What to do:
Repeat exactly, and only, the lines of the entries below from the one with "The Terrible’s Slot" through the one with "通过拼写或语音输入编写短文,智能检查学习成果。", both ends included.

Record excerpts:
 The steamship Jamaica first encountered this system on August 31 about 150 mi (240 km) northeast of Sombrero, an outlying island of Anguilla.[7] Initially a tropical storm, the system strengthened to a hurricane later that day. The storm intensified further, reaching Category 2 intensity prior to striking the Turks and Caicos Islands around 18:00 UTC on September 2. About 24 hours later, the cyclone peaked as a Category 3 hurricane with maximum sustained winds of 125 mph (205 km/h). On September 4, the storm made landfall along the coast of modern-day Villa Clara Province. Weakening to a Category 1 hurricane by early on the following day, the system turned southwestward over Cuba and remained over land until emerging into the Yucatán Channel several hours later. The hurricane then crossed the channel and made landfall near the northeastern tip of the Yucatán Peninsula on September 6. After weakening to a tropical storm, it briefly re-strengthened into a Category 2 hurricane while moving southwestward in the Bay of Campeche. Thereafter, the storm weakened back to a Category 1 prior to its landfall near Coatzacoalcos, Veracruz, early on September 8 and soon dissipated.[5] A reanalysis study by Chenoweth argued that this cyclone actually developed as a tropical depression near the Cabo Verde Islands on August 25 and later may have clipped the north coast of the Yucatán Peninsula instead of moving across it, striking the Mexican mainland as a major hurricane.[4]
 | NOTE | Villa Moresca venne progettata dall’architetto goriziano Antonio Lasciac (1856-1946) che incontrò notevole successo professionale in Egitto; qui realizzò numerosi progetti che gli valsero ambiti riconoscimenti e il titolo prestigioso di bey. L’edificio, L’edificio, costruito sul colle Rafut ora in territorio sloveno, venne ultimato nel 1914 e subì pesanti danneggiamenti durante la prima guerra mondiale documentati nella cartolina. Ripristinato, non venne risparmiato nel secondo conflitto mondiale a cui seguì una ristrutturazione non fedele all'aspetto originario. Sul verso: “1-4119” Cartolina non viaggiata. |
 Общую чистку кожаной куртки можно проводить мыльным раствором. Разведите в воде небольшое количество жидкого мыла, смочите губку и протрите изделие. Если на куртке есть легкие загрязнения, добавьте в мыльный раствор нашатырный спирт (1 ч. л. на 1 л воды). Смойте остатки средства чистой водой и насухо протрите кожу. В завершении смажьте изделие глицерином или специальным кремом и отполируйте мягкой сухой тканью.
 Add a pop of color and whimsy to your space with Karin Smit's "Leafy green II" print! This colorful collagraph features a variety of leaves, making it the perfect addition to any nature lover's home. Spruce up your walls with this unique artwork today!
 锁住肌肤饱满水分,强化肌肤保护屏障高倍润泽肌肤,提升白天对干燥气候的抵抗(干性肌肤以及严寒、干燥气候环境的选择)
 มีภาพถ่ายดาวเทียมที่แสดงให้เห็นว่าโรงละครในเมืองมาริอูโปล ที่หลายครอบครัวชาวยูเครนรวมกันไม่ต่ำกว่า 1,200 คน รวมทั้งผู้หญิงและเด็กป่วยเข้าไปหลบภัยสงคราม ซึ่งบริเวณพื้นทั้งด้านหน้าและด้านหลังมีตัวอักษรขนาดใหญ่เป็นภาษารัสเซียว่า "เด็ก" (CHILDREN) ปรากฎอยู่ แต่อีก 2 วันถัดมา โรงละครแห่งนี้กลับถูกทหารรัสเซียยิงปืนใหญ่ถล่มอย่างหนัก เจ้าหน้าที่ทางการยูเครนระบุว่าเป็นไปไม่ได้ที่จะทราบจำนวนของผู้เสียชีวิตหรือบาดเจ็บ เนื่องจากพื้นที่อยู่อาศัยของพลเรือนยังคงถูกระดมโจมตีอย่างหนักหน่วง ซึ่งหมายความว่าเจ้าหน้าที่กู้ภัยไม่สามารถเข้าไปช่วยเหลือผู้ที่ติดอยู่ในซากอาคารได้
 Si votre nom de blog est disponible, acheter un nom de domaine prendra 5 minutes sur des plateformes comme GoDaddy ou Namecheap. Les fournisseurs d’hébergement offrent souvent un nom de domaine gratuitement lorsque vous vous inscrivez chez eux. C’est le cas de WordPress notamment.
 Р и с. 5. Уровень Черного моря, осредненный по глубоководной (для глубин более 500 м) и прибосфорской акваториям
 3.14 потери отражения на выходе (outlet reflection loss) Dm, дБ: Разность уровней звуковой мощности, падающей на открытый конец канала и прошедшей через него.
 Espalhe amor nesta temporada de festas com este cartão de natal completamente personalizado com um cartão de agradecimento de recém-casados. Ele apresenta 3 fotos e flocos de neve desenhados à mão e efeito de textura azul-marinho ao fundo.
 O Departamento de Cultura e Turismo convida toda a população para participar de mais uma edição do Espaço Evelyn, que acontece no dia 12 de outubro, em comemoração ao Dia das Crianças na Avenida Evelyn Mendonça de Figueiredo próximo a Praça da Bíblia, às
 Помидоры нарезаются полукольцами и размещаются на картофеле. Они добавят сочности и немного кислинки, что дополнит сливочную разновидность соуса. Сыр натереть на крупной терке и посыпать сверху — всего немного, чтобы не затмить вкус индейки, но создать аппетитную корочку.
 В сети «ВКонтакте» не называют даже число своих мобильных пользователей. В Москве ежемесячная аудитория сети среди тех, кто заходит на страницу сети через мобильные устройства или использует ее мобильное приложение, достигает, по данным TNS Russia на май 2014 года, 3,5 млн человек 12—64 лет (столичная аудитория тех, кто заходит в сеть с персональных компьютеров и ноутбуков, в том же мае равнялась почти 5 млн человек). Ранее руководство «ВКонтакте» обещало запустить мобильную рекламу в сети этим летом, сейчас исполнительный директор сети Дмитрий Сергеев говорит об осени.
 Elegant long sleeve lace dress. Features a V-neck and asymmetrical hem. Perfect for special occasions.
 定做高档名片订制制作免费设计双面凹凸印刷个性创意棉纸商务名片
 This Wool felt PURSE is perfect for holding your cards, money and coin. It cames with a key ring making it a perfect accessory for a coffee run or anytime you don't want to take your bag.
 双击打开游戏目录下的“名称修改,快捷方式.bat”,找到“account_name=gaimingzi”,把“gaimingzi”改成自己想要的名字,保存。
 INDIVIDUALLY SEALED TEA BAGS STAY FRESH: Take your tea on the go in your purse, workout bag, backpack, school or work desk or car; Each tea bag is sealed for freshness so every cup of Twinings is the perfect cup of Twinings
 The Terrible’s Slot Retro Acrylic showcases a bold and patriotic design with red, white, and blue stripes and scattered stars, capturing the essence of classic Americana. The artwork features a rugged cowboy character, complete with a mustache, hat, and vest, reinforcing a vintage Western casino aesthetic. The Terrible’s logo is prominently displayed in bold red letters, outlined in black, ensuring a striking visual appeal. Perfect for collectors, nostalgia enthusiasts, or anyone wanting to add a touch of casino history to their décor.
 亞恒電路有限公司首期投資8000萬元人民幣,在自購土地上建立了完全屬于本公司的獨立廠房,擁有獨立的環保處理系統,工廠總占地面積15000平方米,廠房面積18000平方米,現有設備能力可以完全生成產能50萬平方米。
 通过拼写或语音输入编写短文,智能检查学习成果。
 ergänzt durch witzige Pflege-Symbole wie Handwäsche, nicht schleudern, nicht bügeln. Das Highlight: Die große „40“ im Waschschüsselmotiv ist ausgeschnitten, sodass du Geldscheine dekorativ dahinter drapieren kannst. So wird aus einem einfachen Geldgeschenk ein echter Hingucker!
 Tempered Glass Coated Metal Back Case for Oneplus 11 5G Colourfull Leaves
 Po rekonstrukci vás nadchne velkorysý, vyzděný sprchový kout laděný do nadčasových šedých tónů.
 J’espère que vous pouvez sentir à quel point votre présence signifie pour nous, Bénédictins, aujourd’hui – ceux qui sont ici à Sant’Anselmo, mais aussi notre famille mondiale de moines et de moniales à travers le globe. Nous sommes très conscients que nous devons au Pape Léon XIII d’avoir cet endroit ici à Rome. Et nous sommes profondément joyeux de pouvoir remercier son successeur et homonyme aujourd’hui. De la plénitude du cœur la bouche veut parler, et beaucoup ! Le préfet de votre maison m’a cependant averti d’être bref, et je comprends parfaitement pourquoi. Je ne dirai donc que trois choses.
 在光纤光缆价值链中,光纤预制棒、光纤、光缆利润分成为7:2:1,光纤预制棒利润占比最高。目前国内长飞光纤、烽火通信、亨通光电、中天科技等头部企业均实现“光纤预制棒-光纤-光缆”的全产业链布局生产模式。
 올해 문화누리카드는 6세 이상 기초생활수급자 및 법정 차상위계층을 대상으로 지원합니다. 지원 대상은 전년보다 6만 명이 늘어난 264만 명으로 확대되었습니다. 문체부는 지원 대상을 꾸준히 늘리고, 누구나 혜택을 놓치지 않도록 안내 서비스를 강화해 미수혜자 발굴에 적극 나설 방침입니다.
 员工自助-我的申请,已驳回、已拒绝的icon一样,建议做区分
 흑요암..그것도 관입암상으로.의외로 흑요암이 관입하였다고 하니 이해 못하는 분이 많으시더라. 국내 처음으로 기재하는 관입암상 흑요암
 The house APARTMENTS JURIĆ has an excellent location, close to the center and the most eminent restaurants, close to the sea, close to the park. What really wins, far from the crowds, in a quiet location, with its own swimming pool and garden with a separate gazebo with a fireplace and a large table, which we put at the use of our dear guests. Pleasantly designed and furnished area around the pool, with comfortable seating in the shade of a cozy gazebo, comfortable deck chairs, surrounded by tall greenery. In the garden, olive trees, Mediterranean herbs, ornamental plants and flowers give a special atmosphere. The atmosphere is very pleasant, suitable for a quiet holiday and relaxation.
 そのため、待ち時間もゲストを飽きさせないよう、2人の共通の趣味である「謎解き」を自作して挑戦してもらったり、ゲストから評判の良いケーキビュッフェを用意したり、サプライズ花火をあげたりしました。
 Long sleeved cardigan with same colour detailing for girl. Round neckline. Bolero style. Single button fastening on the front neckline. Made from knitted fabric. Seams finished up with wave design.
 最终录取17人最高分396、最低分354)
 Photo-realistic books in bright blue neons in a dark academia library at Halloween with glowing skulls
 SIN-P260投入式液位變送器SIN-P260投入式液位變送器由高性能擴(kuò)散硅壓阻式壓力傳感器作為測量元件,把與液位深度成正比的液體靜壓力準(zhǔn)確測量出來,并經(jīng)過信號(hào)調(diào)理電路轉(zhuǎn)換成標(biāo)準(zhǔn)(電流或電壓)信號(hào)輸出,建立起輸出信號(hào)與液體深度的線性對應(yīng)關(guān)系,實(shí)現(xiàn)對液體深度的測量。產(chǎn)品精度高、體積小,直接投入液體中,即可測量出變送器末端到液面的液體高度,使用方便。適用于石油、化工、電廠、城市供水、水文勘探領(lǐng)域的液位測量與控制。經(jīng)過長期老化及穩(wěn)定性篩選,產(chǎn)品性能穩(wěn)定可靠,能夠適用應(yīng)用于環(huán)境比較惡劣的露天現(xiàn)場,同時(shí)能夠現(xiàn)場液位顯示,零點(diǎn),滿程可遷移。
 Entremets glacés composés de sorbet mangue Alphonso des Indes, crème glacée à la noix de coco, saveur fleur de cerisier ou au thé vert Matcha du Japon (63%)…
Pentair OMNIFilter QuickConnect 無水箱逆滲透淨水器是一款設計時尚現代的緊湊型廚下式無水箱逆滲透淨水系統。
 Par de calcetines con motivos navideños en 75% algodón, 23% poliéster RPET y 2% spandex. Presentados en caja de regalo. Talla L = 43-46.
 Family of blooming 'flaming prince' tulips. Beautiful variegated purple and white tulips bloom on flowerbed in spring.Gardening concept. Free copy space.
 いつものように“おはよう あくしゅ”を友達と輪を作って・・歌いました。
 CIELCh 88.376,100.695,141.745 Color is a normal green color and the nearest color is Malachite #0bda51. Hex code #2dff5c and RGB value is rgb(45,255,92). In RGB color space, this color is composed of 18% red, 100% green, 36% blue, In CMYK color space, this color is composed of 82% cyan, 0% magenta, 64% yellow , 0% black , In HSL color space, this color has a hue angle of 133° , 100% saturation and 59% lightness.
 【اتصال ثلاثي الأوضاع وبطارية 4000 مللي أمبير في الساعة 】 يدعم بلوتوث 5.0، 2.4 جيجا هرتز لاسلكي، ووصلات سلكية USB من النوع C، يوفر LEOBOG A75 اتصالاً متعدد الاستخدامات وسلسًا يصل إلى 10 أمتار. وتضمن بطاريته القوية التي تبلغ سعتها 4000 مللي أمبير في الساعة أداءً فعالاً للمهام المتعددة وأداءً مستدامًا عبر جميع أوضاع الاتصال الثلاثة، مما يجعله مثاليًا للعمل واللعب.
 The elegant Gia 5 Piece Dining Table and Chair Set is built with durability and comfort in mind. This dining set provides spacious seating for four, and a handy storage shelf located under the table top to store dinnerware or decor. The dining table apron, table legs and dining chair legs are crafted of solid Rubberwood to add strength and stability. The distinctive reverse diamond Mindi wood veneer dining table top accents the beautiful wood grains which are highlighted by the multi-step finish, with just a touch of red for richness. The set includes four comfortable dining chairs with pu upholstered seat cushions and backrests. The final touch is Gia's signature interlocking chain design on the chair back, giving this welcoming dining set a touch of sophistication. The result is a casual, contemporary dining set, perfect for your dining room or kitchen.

Written reply:
 The Terrible’s Slot Retro Acrylic showcases a bold and patriotic design with red, white, and blue stripes and scattered stars, capturing the essence of classic Americana. The artwork features a rugged cowboy character, complete with a mustache, hat, and vest, reinforcing a vintage Western casino aesthetic. The Terrible’s logo is prominently displayed in bold red letters, outlined in black, ensuring a striking visual appeal. Perfect for collectors, nostalgia enthusiasts, or anyone wanting to add a touch of casino history to their décor.
 亞恒電路有限公司首期投資8000萬元人民幣,在自購土地上建立了完全屬于本公司的獨立廠房,擁有獨立的環保處理系統,工廠總占地面積15000平方米,廠房面積18000平方米,現有設備能力可以完全生成產能50萬平方米。
 通过拼写或语音输入编写短文,智能检查学习成果。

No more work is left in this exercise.